A high-protein salad featuring beans, shredded chicken, and a fresh lemon-dill dressing for a light meal.
# Ingredient List:
→ Beans & Legumes
01 - 1 can (15 oz) chickpeas, drained and rinsed
02 - 1 can (15 oz) navy beans, drained and rinsed
→ Chicken
03 - 2 boneless, skinless chicken breasts (about 12 oz)
04 - 1 tablespoon olive oil
05 - Salt and freshly ground black pepper, to taste
→ Vegetables
06 - 1 small red onion, finely diced
07 - 1 cup cherry tomatoes, halved
08 - 1 small cucumber, diced
09 - 1/4 cup fresh dill, chopped
→ Lemon-Dill Dressing
10 - 1/4 cup extra-virgin olive oil
11 - 2 tablespoons fresh lemon juice
12 - 1 teaspoon Dijon mustard
13 - 1 garlic clove, minced
14 - 1 teaspoon honey
15 - 1 tablespoon fresh dill, finely chopped
16 - 1/2 teaspoon salt
17 - 1/4 teaspoon freshly ground black pepper
# Step-by-Step Instructions:
01 - Preheat oven to 400°F. Rub chicken breasts with olive oil, season with salt and pepper, and place on a baking sheet. Bake for 18 to 20 minutes until cooked through. Remove, let cool, then shred using two forks.
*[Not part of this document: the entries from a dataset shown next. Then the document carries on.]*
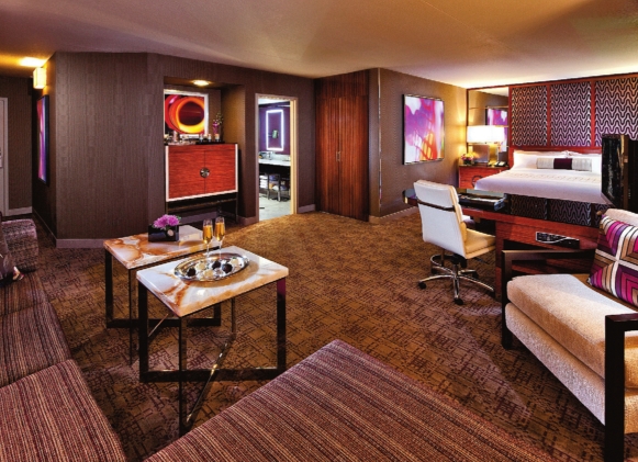 This month, the MGM wraps one of Sin City’s largest remodels in recent years at a cost of $160 million. The hotel’s 3,570 guest rooms and 642 suites in the main tower have been made over in earth tones with pops of platinum, tangerine and fuchsia, and eco-friendly touches have been added like LED lighting, solar shades and biodegradable bath amenities. High-tech accouterments include media hubs and flat-screen HD TVs, not yet available when the Strip-side resort debuted nearly two decades ago. The renovations are not all in-room — the hotel’s casino, restaurants and clubs also received upgrades.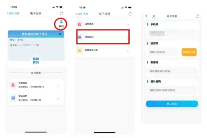 如何修改“亮证密码”、更新证照信息、查看证照使用记录?选择一个证照,进入电子证照页面,点“我的”;选择“修改密码”、“证照更新”、“查看使用记录”,按照提示进行操作。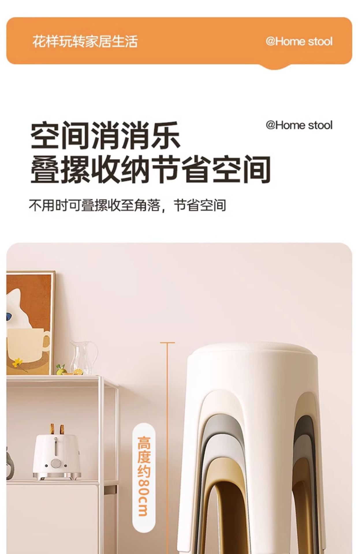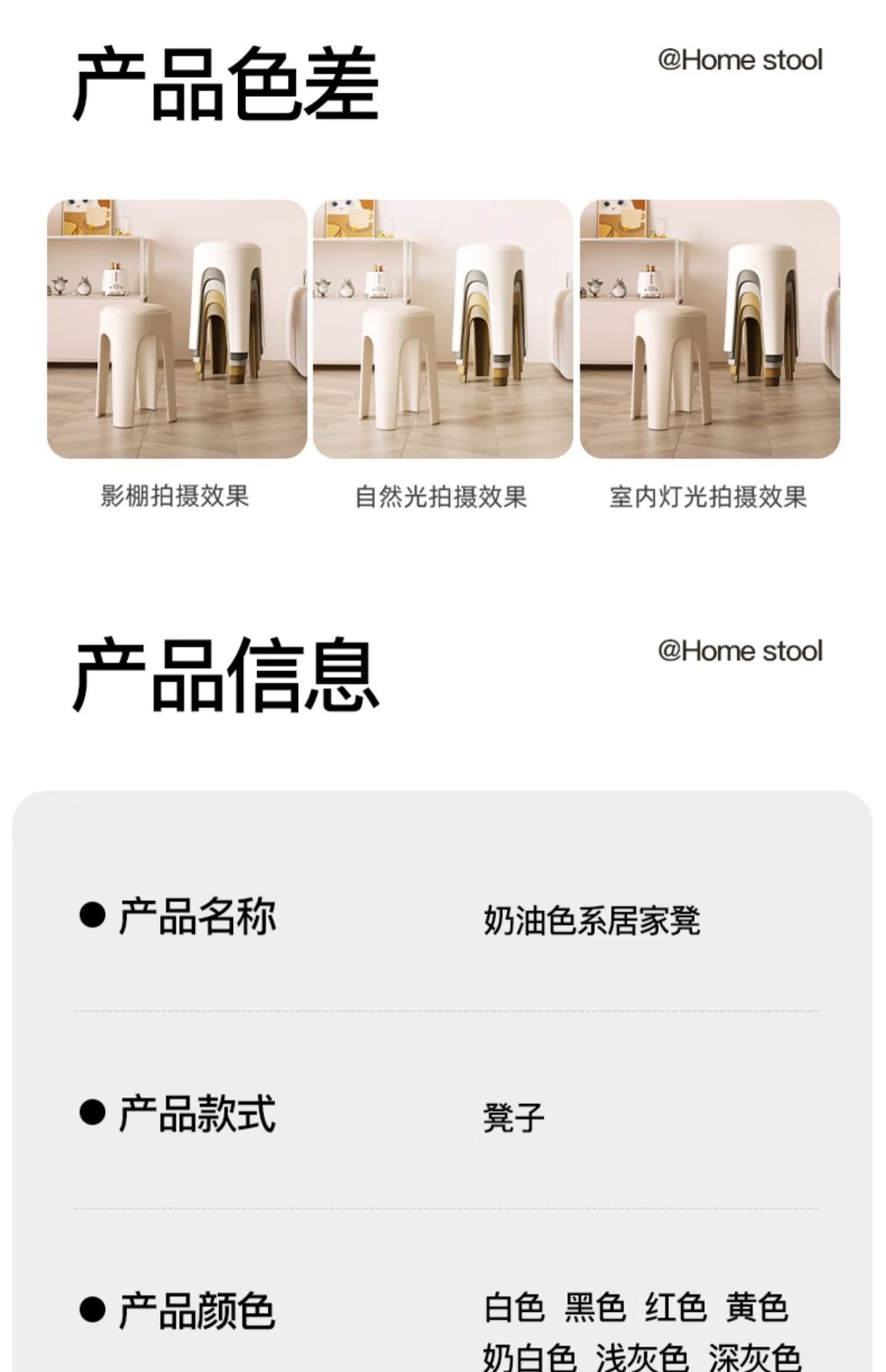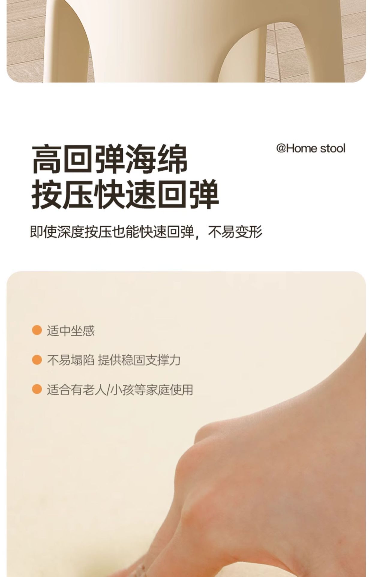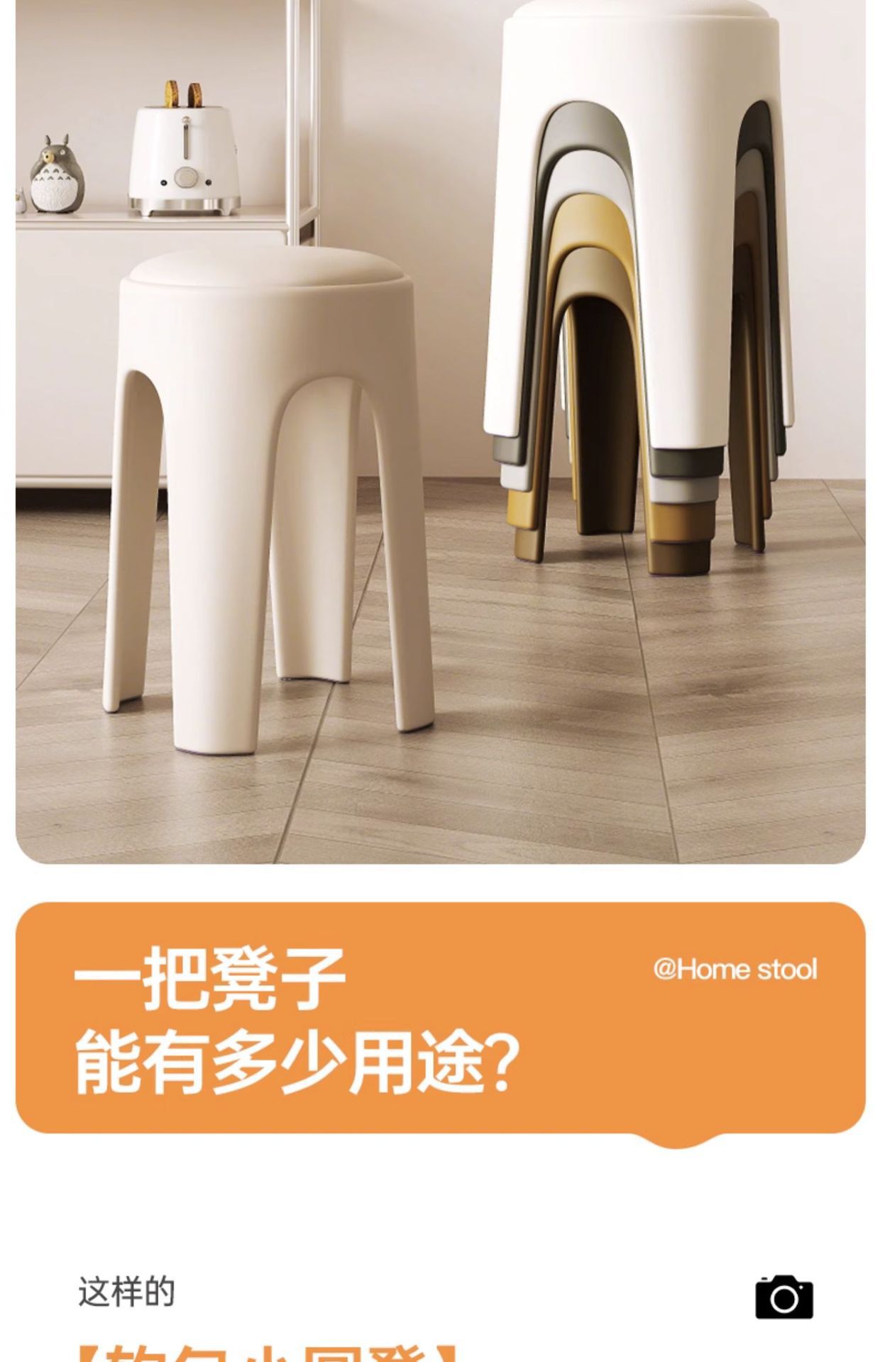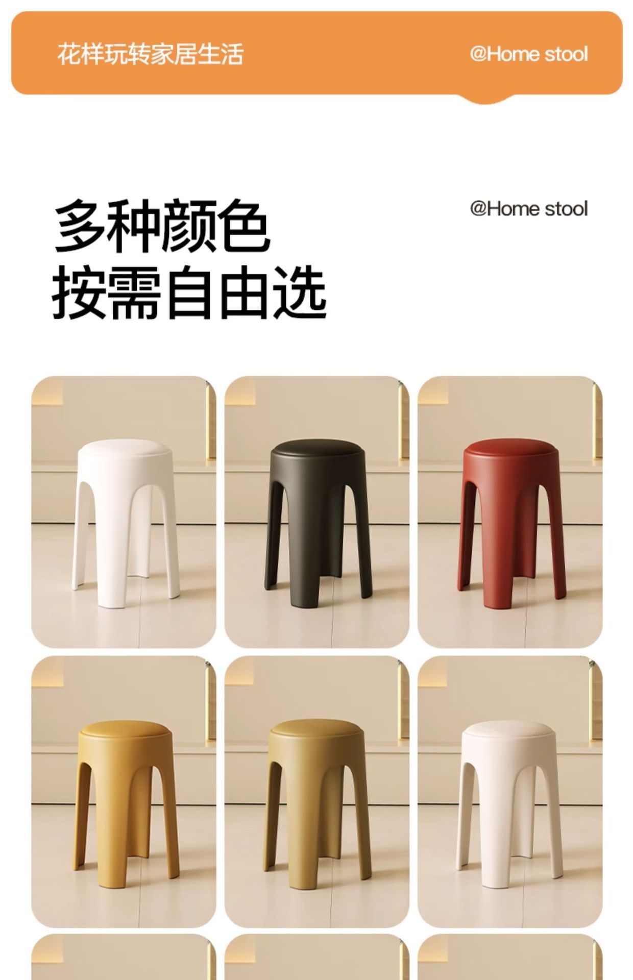 Los taburetes de plástico se pueden apilar para el hogar, taburetes redondos de crema de lujo ligero, mesa y silla de comedor de sala de estar, sillas de repuesto resistentes y duraderas

02 - In a large bowl, combine chickpeas, navy beans, red onion, cherry tomatoes, cucumber, and 1/4 cup chopped fresh dill.
03 - In a small bowl or jar, whisk together olive oil, lemon juice, Dijon mustard, minced garlic, honey, 1 tablespoon dill, salt, and pepper until well emulsified.
04 - Add shredded chicken to the bean mixture. Pour the lemon-dill dressing over the salad and toss gently to combine.
05 - Taste and adjust seasoning with additional salt, pepper, or lemon juice if desired. Serve chilled or at room temperature.